» **Exercise prompt**
Give the listing back in full, exactly as written, with the pictures removed.

» **Data section**

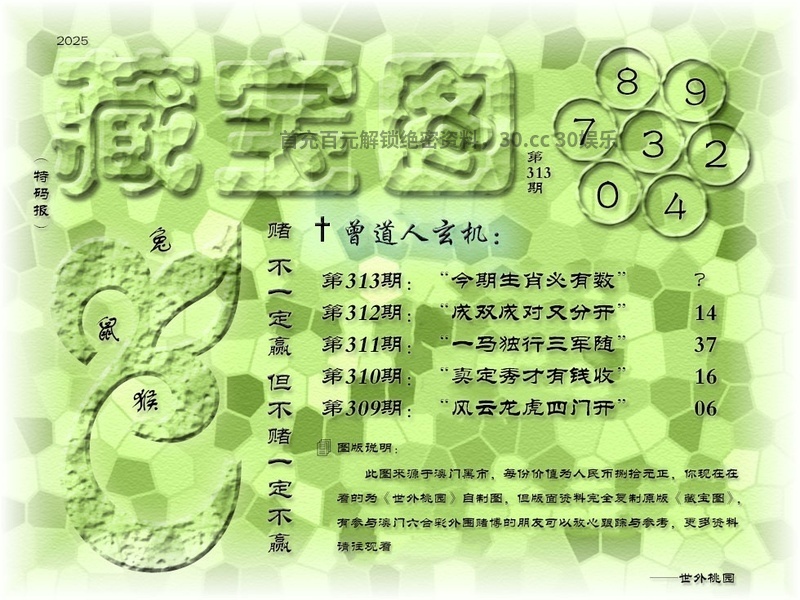 308期 309期 310期 | 3.6.8.9尾 |
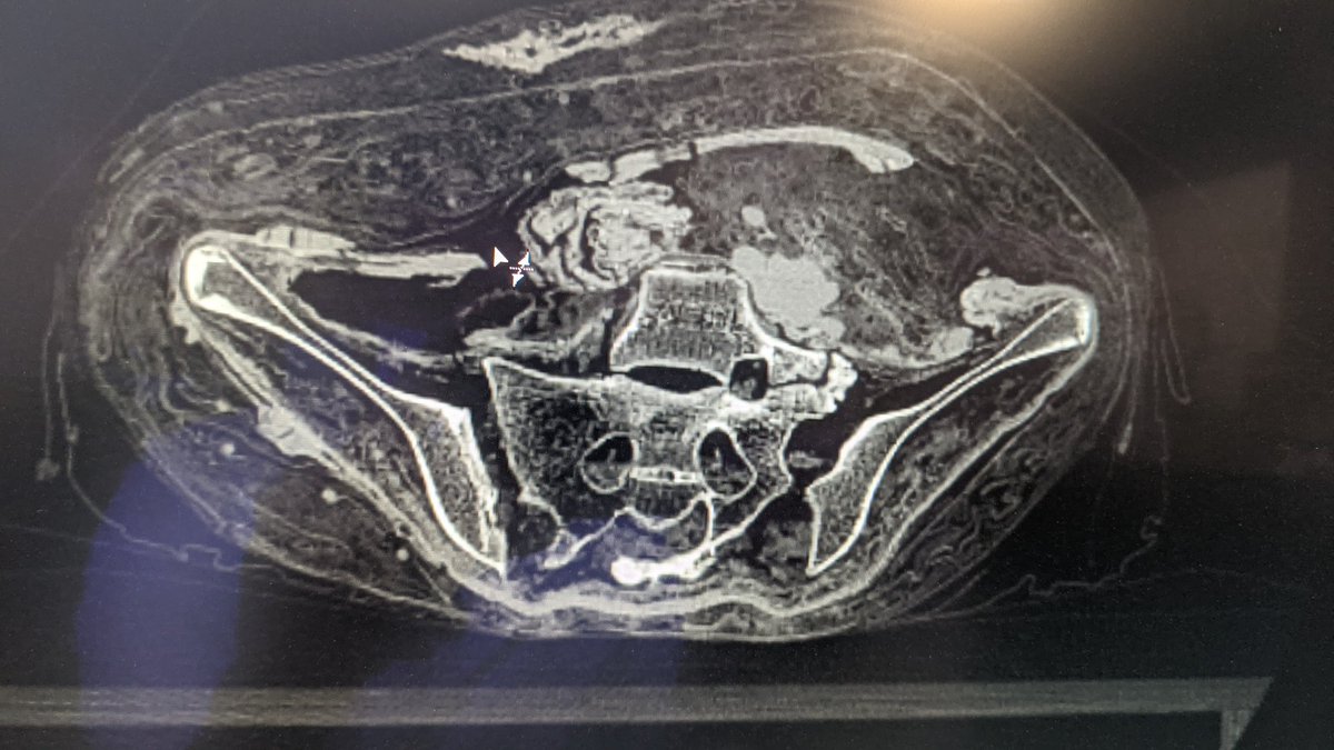 Il s'agit d'une momie égyptienne, on peut bien voir sur le scanner la probable voie trans-sphenoidale qui a été utilisée pour vider le contenu de la boîte crânienne
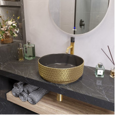 Раковина Grossman GR-5010GBR (355х355х115) золото,черная внутри,1 место

» **Response to the task**
 308期 309期 310期 | 3.6.8.9尾 |
 Il s'agit d'une momie égyptienne, on peut bien voir sur le scanner la probable voie trans-sphenoidale qui a été utilisée pour vider le contenu de la boîte crânienne
 Раковина Grossman GR-5010GBR (355х355х115) золото,черная внутри,1 место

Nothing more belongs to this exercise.